Spring 2018 (Dr. C. Sert) Handout 17 – COMSOL1 Tutorial 4

This fourth COMSOL tutorial is about the solution of flow over a cylinder. Problem domain is a 30x10 rectangular box with a circular hole of diameter 1. It is the same problem solved as Example 6.1 of Handout 16 with one difference. Here the top and bottom walls are assigned a special slip type BC, instead of sliding wall.

Fluid enters the domain with a uniform speed of 𝑈𝑜. Flow is incompressible and the exit pressure is set to a reference pressure of zero. To do this the exit boundary need to be located far away from the cylinder so that the effect of cylinder’s wake vanishes at the exit. The value of the exit pressure is not important because for incompressible flows pressure has no thermodynamic meaning. It is just a variable that adjust itself inside the flow domain such that the velocity field remains divergence free, i.e. mass is conserved. If instead of setting the exit pressure to zero, we set it to 100 Pa, all computed pressures would be 100 Pa higher and the velocity field would not be affected by this change.

To simulate the case of a cylinder placed inside uniform flow, top and bottom boundary conditions are set as “slip”, meaning that these boundaries apply no shear force on the flow.
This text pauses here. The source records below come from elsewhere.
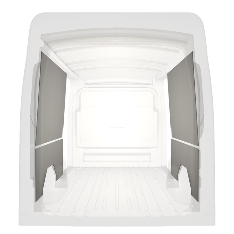 Ligeiro revestimento pré-cortado para as paredes interiores do Ford Transit comportas duplas laterais. O revestimento cria um ambiente trabalho luminoso e agradável e é fácil de limpar.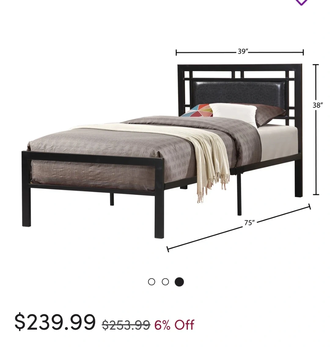 Selling a twin size metal bed frame in black. The dimensions are 39" x 75". The headboard height is 38". Originally bought for $239.99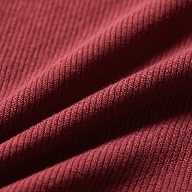 1*1 골지 벨벳 원단(Ribbed Velvet Fabric)은 1바늘 업 1바늘 다운 직조 공정을 사용하여 표면을 파인 벨벳(fine Velvet)으로 덮어 보온성이 우수하고 부드러운 촉감을 지닌 원단입니다. 골지 직조 구조로 원단의 신축성이 뛰어나며 피부에 밀착되어 편안한 착용감을 제공하며 특히 추운 계절에 사용하기에 적합합니다. 원단의 벨벳 표면은 부드럽고 섬세할 뿐만 아니라 편안함을 높여주며, 보온성을 효과적으로 가두어주고 찬 공기가 들어오는 것을 막아줍니다. 이 원단은 보온성이 뛰어나 겨울 의류, 특히 스웨터 칼라와 레깅스 허리밴드에 적합하여 이러한 부분에 추가적인 보온성과 지지력을 제공합니다. 1*1 골지 디자인으로 원단의 신축성을 높여 원단의 신축이 자유롭게 되어 착용시 핏과 편안함을 보장합니다.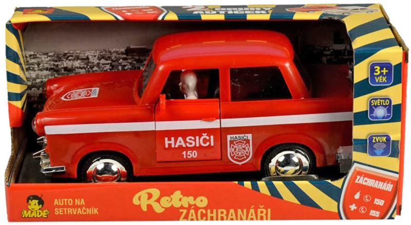 Červené hasičské autíčko na setrvačník z kolekce Retro záchranáři. Baleno v openboxu.Plastové auto v červeném designu aut retro hasičů s pohonem na setrvačník. Auto po stisknutí vydává zvuk motoru. Otevírací dveře. Český box. Hračka na baterie, se světlem a zvukem.
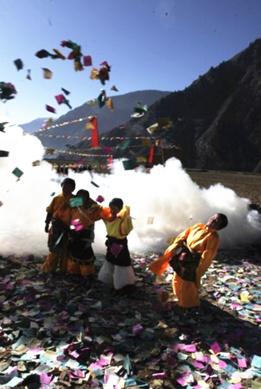 正午時分,村里的小伙子身著節(jié)日盛裝,手持木刀、木劍,肩扛松星到神山去祭山神,將木刀、木劍和松星插在神塔上,他們認為這樣做就可以全副武裝山神了,任何妖魔鬼怪都不敢來侵擾村莊了。小伙子們在神塔旁邊點燃柏枝,撒上青稞酒、糌粑、酥油、茶葉、大米等,然后圍著白塔轉(zhuǎn)經(jīng),呼喚著各種動物的名字,喇嘛在一旁齊聲祈福。新龍人特別注重過十三節(jié),所有讓人興奮的娛樂活動都會在十三這天下午在村子里隆重上演,村民不僅是各種娛樂活動的參與者,更是最忠實的觀看者。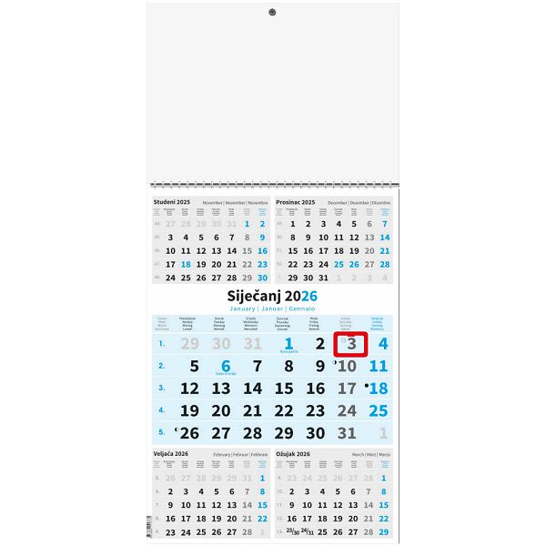 Poslovni trodjelni kalendar PLAVI 2026 – 5 mj., 12 listova

This way we minimize the undesired wall effects. No-slip boundary condition is used on the cylinder itself.

The problem is governed by the following Reynolds number

𝑅𝑒 =𝜌𝑈𝑜𝐷

𝜇

For small 𝑅𝑒 values (< 50) flow remains steady and becomes time periodic for higher values.

We’ll simulate two cases; 𝑅𝑒 = 40 and 𝑅𝑒 = 100. For both cases we’ll use 𝜌 = 1 and 𝜇 = 1, and use two different inlet speeds as 𝑈𝑜 = 40 and 𝑈𝑜 = 100.

Warning: It is possible to use a real fluid, such as water or air, and its properties. But the only important parameter in this problem is the Reynolds number, and as long as you set it to the desired value, it does not matter how you do it.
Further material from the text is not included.